The task =
Give the number of lines in the data below where the word "including" appears, and nothing besides.

Given data =
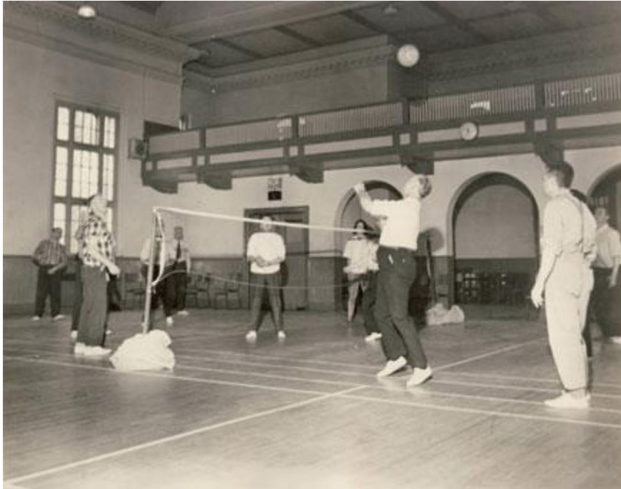
Staff and patients partake in a friendly game of volleyball in the recreation hall of the Highbury site. Patients enjoyed many activities through the years including dances, picnics, gardening and drop-in centres.

this time that many changes to mental health care were developed, including new therapies, programs and advancements to medications.
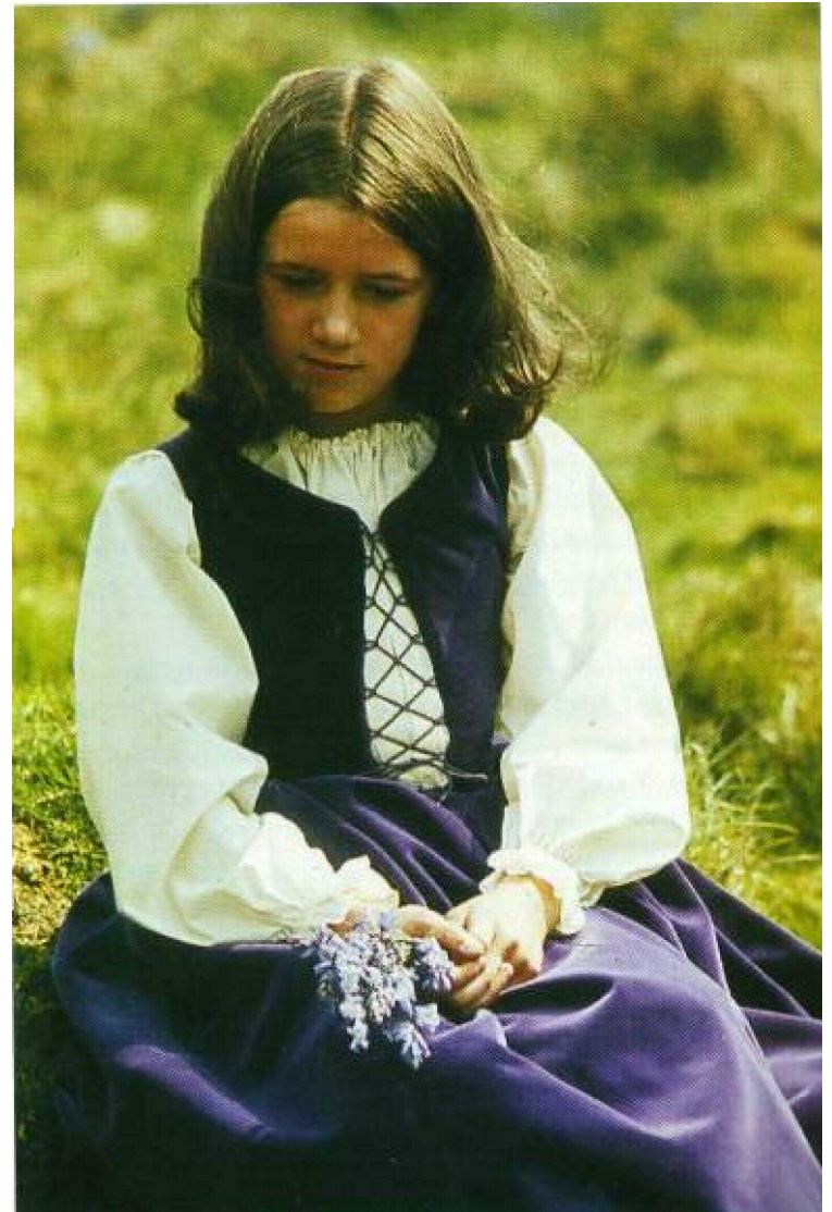
When I opened my eyes, I saw a little girl.
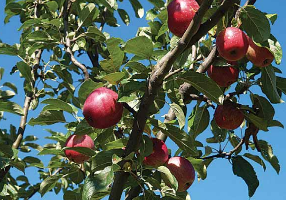
Orchards can be superb wildlife habitats.

they are not controlled. You should take particular care to control pernicious weeds such as couch grass to make sure they don't cause a problem for other plot-holders.
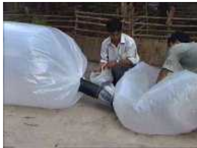
Photo 37. Forcing the air into the main tube until it is full

Exercise result =
2